Elections are held in Tel Aviv to elect the city's mayor. Currently, such elections are regularly scheduled to elect mayors to five-year terms.

Prior to 1978, mayors were selected by a vote of the city council. Since 1978, direct elections have been held for mayor.

1978
The 1978 Tel Aviv mayoral election was held on 8, November 1978, and saw the reelection of Shlomo Lahat.

1983 
The 1983 Tel Aviv mayoral election saw the reelection of Shlomo Lahat to a third consecutive term.

1989
The 1989 Tel Aviv mayoral election was held on 28 February 1989, and saw the reelection of Shlomo Lahat to a fourth consecutive term.

1993
The 1993 Tel Aviv mayoral election was held on 2 November 1993, and saw the election of Roni Milo.

1998
The 1998 Tel Aviv mayoral election was held on 10 November 1998, and saw the election of Ron Huldai.

Incumbent mayor Roni Milo had opted against seeking reelection, instead planning to run for prime minister in 2000 as the head of a new centrist political party.

Huldai had been the principal of Herzliya Hebrew Gymnasium. Huldai ran as an independent candidate with the support of the Israeli Labor Party. Huldai was regarded to be a political liberal. His opponents included former general Doron Rubin and actor Samuel Vilozny.

Huldai was considered the front-runner during the campaign.

The campaign of Doron Rubin never received much momentum.

There were instances of electoral violence during the campaign. Instances included a switchboard serving Huldai's campaign office was set on fire, a firebomb being tossed at one of the mayoral candidates homes, and a car belonging to a volunteer for one of the campaigns being set on fire.

Huldai's victory was regarded to be a landslide.

2003
The 2003 Tel Aviv mayoral election was held on 28 October 2003, and saw the reelection of Ron Huldai. Huldai won 55,966 votes (62.91% of the vote) against 5 opponents.

2008
The 2008 Tel Aviv mayoral election was held on 11 November 2008, and saw the reelection of Ron Huldai to a third consecutive term. Huldai won 51% of the vote.

Candidates
Ron Huldai, incumbent mayor since 1998
Dov Khenin (City for All), member of the Knesset
Oren Shahor, retired general
Pe'er Visner, chair of The Greens and 2003 mayoral candidate
Asma Agbaria Zahalka

Campaigning
Huldai was considered the election's front-runner. However, he faced criticisms accusing him of failing to address the demand for affordable housing in the city. and alleging that development in the city during his mayoralty had been beneficial only to the city's wealthy.

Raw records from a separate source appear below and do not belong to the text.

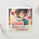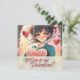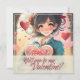 Manga colorida tarjeta de San Valentín con un encantador chica sosteniendo un corazón rojo y enmarcado por dulces detalles. La parte delantera muestra un encantador "¿Serás mi San Valentín?" en cartas lúdicas. Un gesto sincero lleno de amor y encanto.
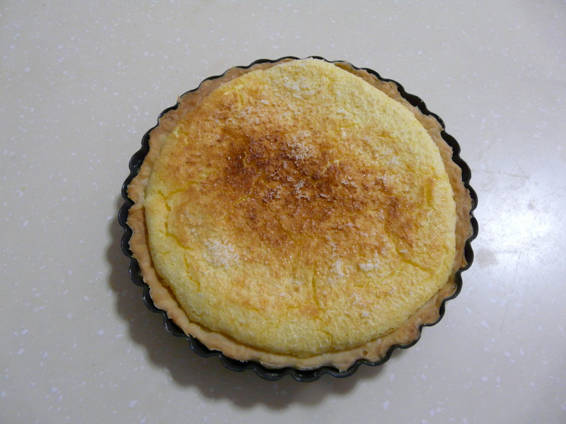 4、把静置好的塔液倒入派盘中,8分满即可。然后再均匀的撒上椰蓉。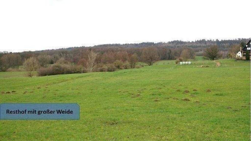 Insgesamt 15.275m² Hof-/Gebäudefläche und direkt angrenzendes Weideland zur Tierhaltung. Vom Hof ergibt sich ein herrlicher Panoramablick über Wiesen und Felder zum Wald.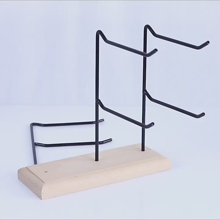 - A modern earring stand with 6 metal hooks in two tiers and a wide pine wood base.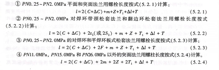 ⑤. PN11.0MPa、PN.0MPa和26.0MPa的突面法蘭用(yong)螺柱長度按(an)式(5.2.5)計(ji)算:

Runner-up Dov Khenin, a member of the Knesset who ran on a social and environmental issues-focused platform, won 34% of the vote. Kkhenin, running under the "City for All" party label, was also affiliated with Hadash.

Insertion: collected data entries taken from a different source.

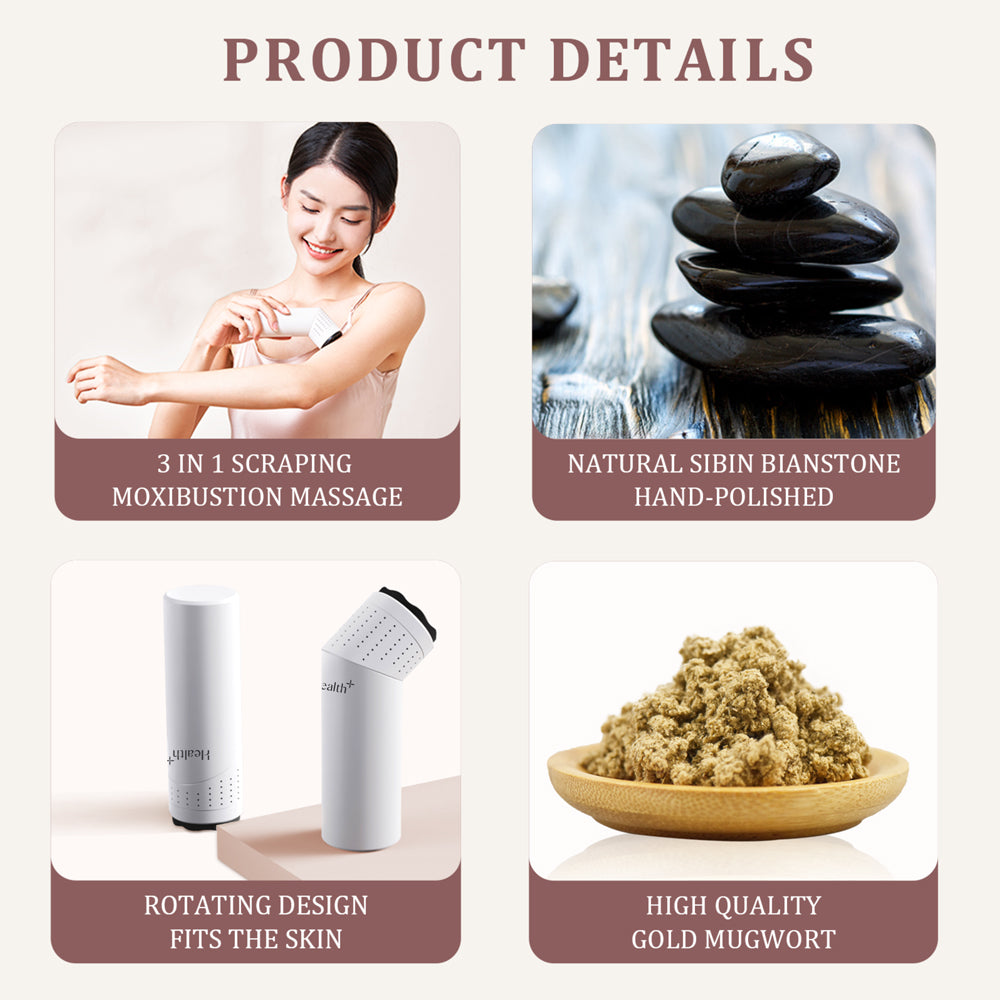 The Health+ Gua Sha Wand is specially selected Sibin Bian Stone, releasing abundant micro-energy elements known for their healing properties. This wand goes beyond traditional practices, addressing common discomforts like cold extremities, lower back pain, and fatigue. It is facilitated by the 12 protruding warm and smooth Bian Stones that produce the therapeutic “sha '' in just 60 seconds. The mugwand used in the wand, carefully stored for three years ensures a warm application without dryness.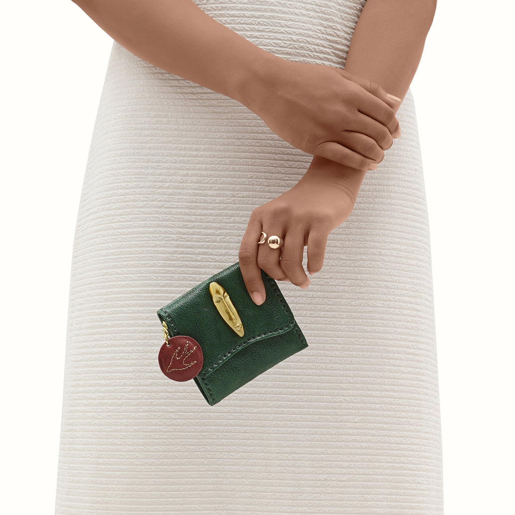 This wallet is anything but ordinary. If art speaks to your soul, let Pharaoh W1 from Hidesign's Art In Our Lives collection be your perfect muse. Handcrafted from real vegetable tanned leather, the signature marca punto stitch and sandcasted brass fittings, it features a bold mask fitting and a contrasting colour puller. Designed for both style and function, it offers one main compartment, two slip pockets, and six card slots to keep your essentials organized.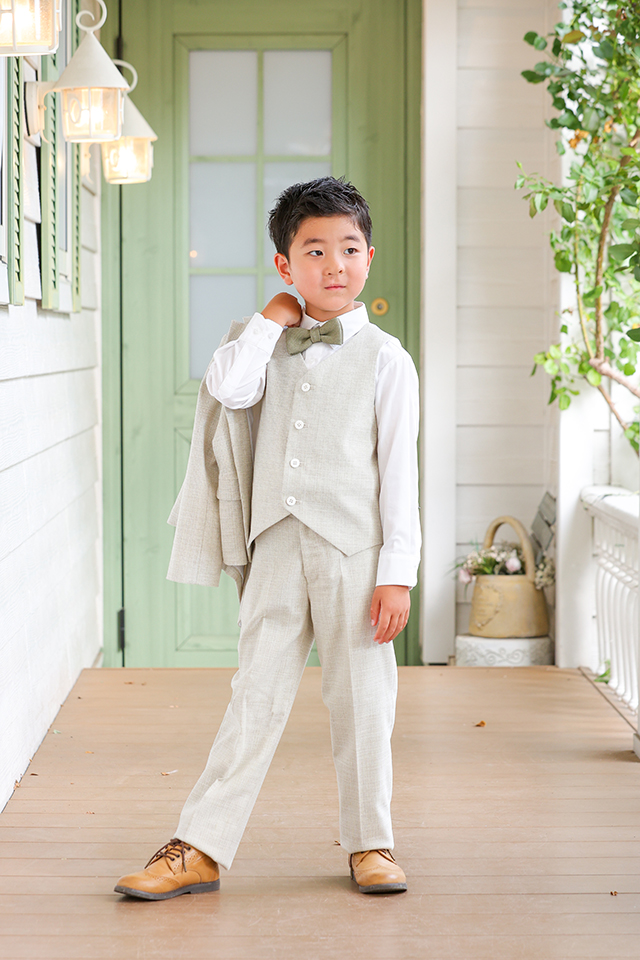 生成りでベージュのスーツをかっこよく着こなしてくれました。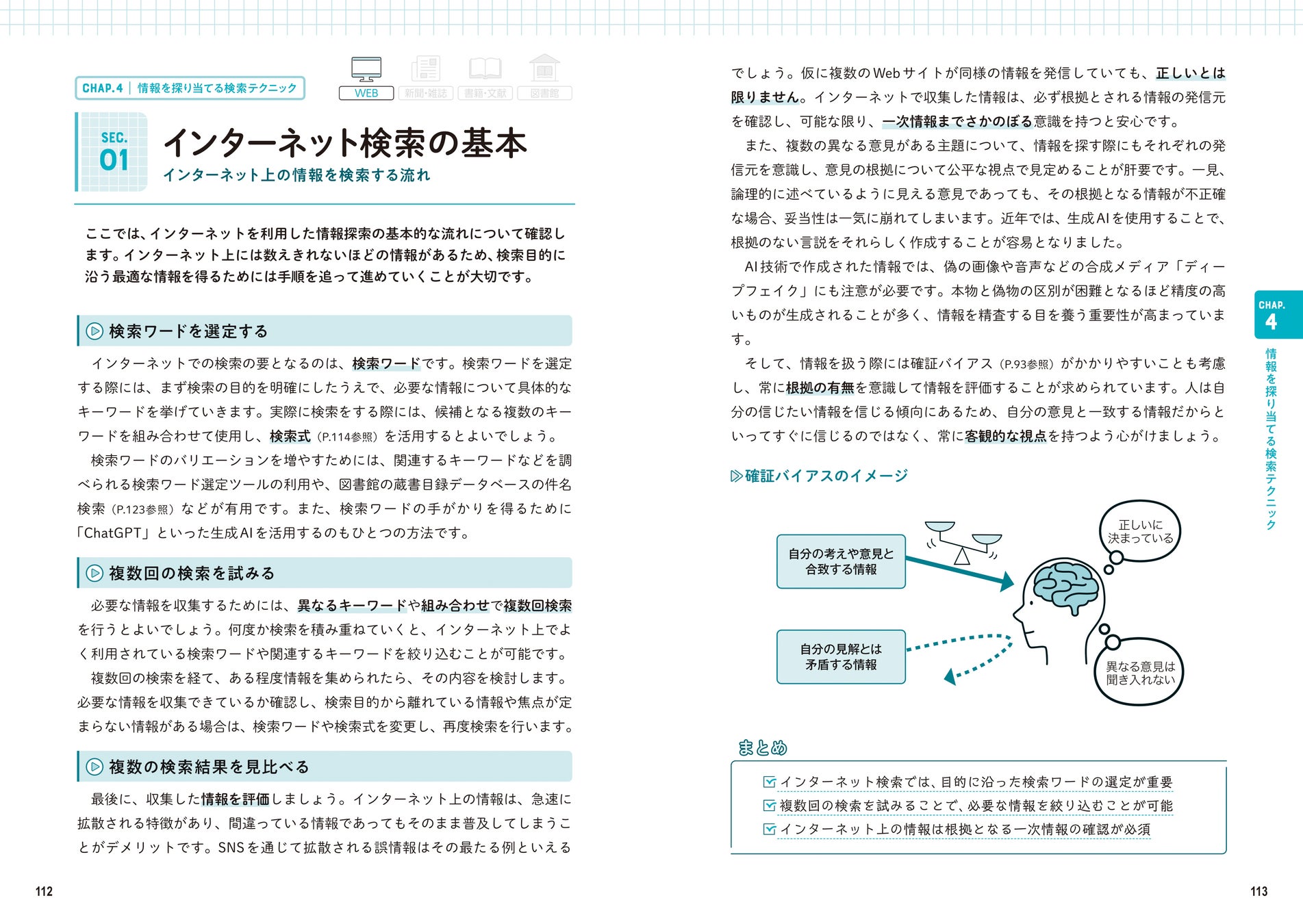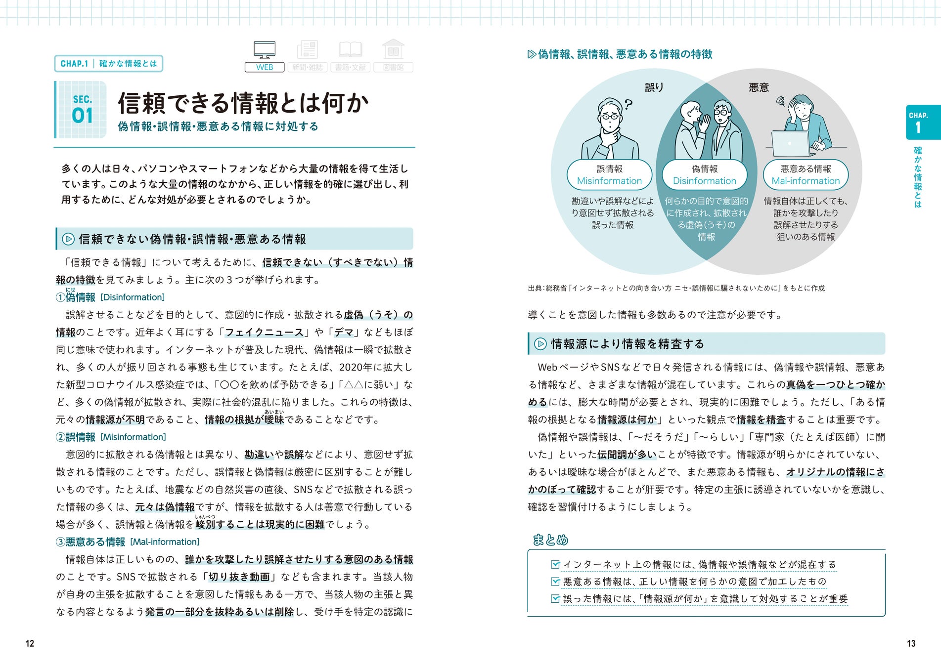 情報の信頼性はどのように調べればいいのでしょうか。一次情報か二次情報か、発信元が国や公的機関、研究者などであるかといった基準によって、信頼できるかどうかを見極める必要があります。本書では、信頼できる情報とは何かについて詳しく説明しています。

One of the top issues discussed during the election included growing demand for parking spaces in the city, which outweighed the supply.

Results

2013

The 2013 Tel Aviv mayoral election was held 22 October 2013, and saw the reelection of Ron Huldai to a fourth consecutive term.

2018

The 2018 Tel Aviv mayoral election was held on 30 October 2018 to elect the mayor of Tel Aviv. It saw the reelection of Ron Huldai to a fifth consecutive term.

The election was part of the 2018 Israeli municipal elections.

Candidates
Natan Elnatan (Shas), deputy mayor
Assaf Harel (We Are the City), comedian
Ron Huldai (One Tel Aviv), incumbent mayor since 1998
Asaf Zamir (City Majority), deputy mayor and founder and chairman of "City Majority"

Results
Since Huldai's share of the vote exceeded the 40% threshold required to avert a runoff election, no runoff was held.

Turnout was 44.17%

2023
The 2023 Tel Aviv mayoral election will be held to elect the mayor of Tel Aviv. While current Israeli law imposes no term limits on Mayors, Incumbent Ron Huldai, who has announced his intention to run for a sixth term, could potentially be term limited if a law restricting mayors to two terms enters into effect before the election.